In this respect, it should be said that the Founding Fathers actually acted in accordance with the interests, views and beliefs of Americans. Obviously, they did not emphasize the fact that they are supporting some religion and they actually did not do it since it would offense the supporters of the total separation of church and state and total elimination of religion from political life of the country. On the other hand, they could never openly demonstrate that they are atheist since it would hurt the religious feelings of adepts of different churches since such a policy of the Founding Fathers would be viewed as an open support of atheism that was totally unacceptable to the substantial part of American population. This is why the Founding Fathers had to use all their diplomatic skills to meet the interests and expectations of all Americans avoiding any sort of extremism in their sayings and actions.

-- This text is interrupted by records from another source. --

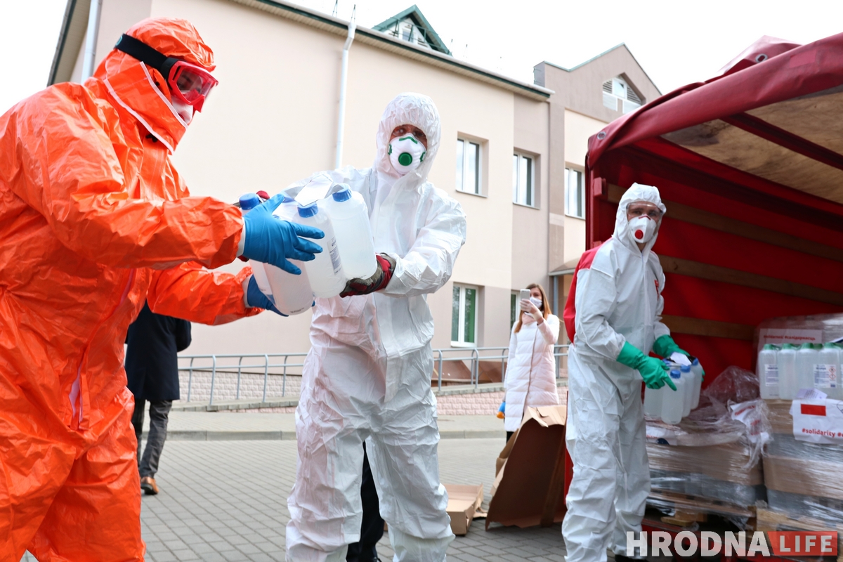 Одну из шести машин с гуманитарной помощью выгрузили в Гродно в областной инфекционной больнице. Далее конвой отправился в Вороново и Минск.
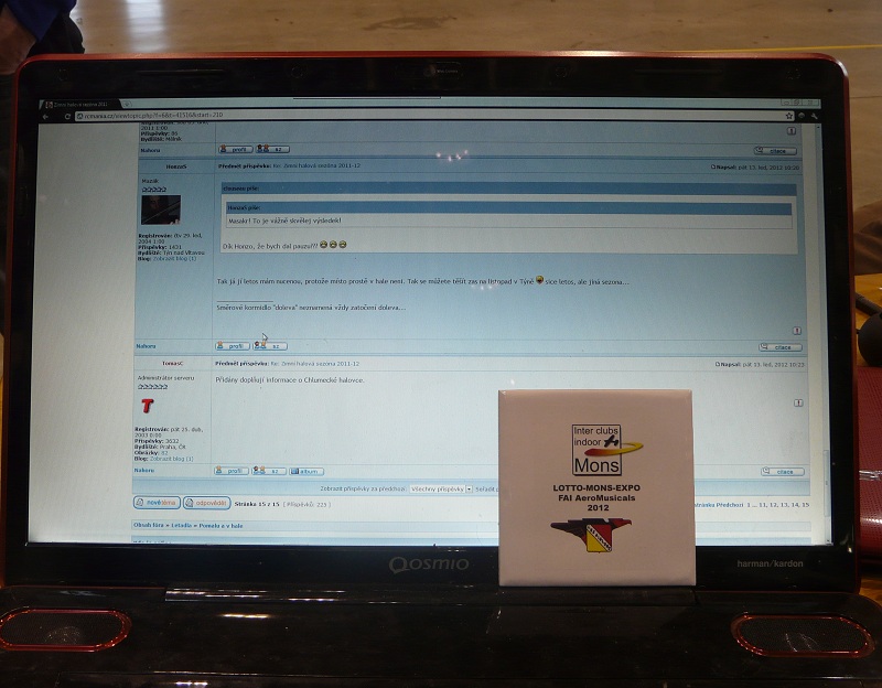 Hala je opravdu vysoká, ale její rozměry na plochu jsou jako klasická větší hala (cca 40x30), Já jsem po velkém boji proti naprosto divně létajícímu Belgičanovi nad ním zvítězil, a posunul se na 12. místo, Marek obsadil s Markusem Zolitschem 5., dojeli jsme před 2 hodinami, takže pohoda
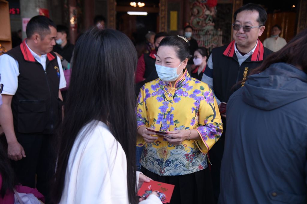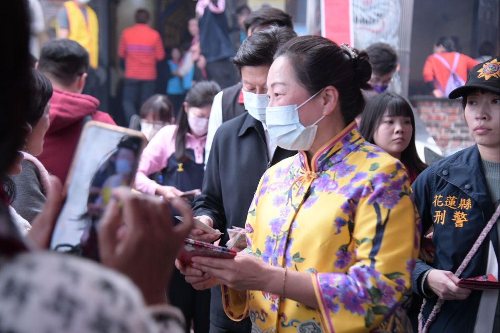 農曆大年初四天氣晴朗,許多鄉親一早便前往宮廟參拜祈福今年順利,徐縣長一抵達就展現親和力,與現場鄉親一一握手問好,並向眾神虔心祈求今年縣運平安。現場人潮眾多,排隊人龍甚至延伸幾百公尺之長,鄉親依序領取新年福袋,並紛紛要求與縣長合影留念,現場氣氛歡欣熱絡。
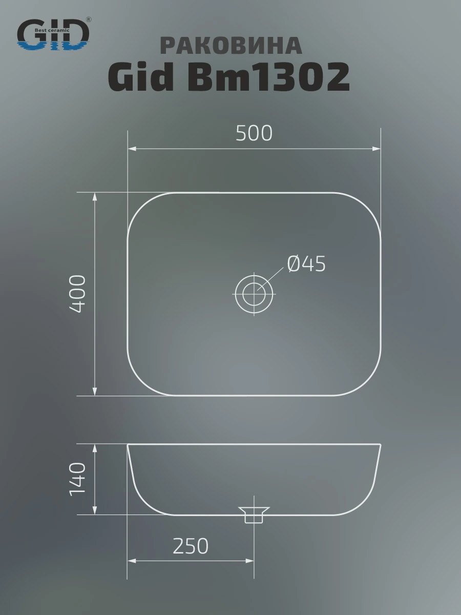Раковина керамическая Gid Geométrico 53348 50х40 накладная цвет черный без отверстий под смеситель
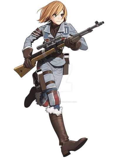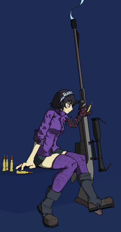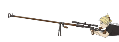 Very nifty. Re: your other comment, if you need a reference I'm sure I could arrange one ^-^ The primary inaccuracy is that the bipod would be angled slightly out toward the muzzle and that she would be hunched forward into the weight of the gun, both for steadiness and so that it doesn't land her flat on her back when it goes off. Straight backs in a sitting position don't work so well with any recoil, plus you shake a lot more. She'd also have her cheek pressed into a rest on the buttstock - snipers need ultimate stability, and having your eye bounce around the crosshairs doesn't really make for a clean shot. Technically if you wanted to be realistic she'd be laying down with a shorter bipod, but the composition gets a lot less compact and shiny x.X
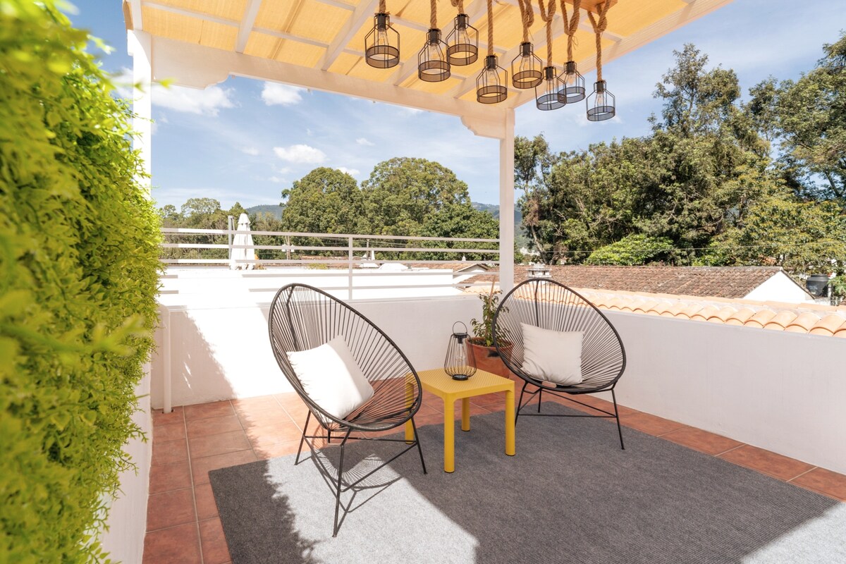 Antiqua Qvatemala yaxınlığındakı sığınacağınızı ✨ kəşf edin. ✨ Sakit və təhlükəsiz sektorda yerləşən bu rahat məkan dincəlmək və dincəlmək üçün idealdır. Möhtəşəm vulkanlara baxarkən təravətləndirmək üçün mükəmməl paylaşılan hovuza çıxışı olan rahat qonaqlamadan zövq alın. Buradan tarix və mədəniyyətlə dolu yaxınlıqdakı füsunkar kəndləri kəşf etmək imkanınız var. Sərgüzəştiniz bu sakitlik vahəsində başlayır.
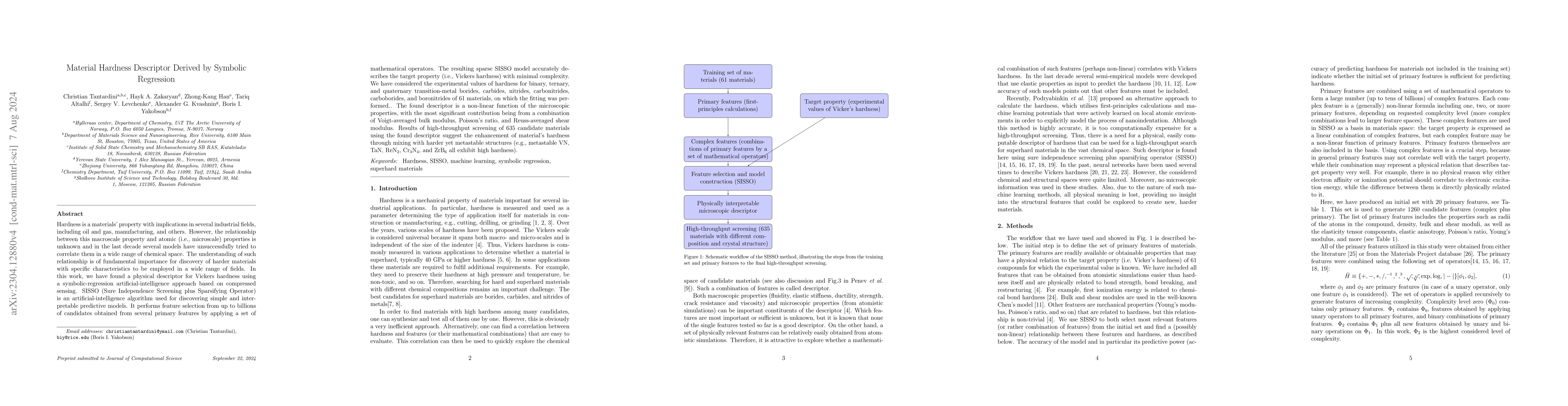 This paper develops a symbolic regression-based physical descriptor for Vickers hardness using SISSO, combining atomistic simulation features with experimental data for 635 compounds. The derived descriptor highlights the importance of bulk modulus, Poisson's ratio, and shear modulus in predicting hardness, suggesting potential for discovering harder materials through metastable structures.

However, it is necessary to underline that the author refers to facts of the different official policy on the state level. To put it more precisely, he argues that some states such as Virginia and Pennsylvania actually supported churches on the state level that actually did not meet the national policy of the federal Government and the Founding Fathers. Naturally, it is hardly possible to argue with the author that such a policy on the sate level could not fail to affect the national policy at large. In such a situation, he views the 1st Amendment as an attempt to prevent such negative impact of state policies on the national policy since, according to this Amendment, the separation of church and state was declared on the Constitutional level.

In this respect, it should be said that it is really possible to view the 1st Amendment in such a context, but, still it is necessary to remember that the question of religion was extremely important to Americans. This is why it would be quite logical to emphasize the separation of church and state on the highest legislative level, i.e. in the US Constitution that naturally defined the policy on the national and state level.

Finally, the author emphasizes that religious tolerance is really important in American society which is viewed as a really democratic society. Eventually, he concludes that “a true Christian ought to be more in making the life of the world more gentle for others than he could be in asserting the dominance of his own faith” (243). In actuality, this was exactly what, according to the author, the Founding Fathers, even though some of them were atheist, attempted to do as they focused their efforts on the development of religious tolerance and putting all religions in equal position in the US. At the same time, it is possible to conclude that the author probably exaggerates the role of the Founding Fathers and their wisdom. In fact, they really made a significant contribution in the development of democracy and religious tolerance but their actions were, to a significant extent determined by the necessity to find a compromise that would satisfy all opposing parties in the US and this is exactly what an attentive reader can learn from the book.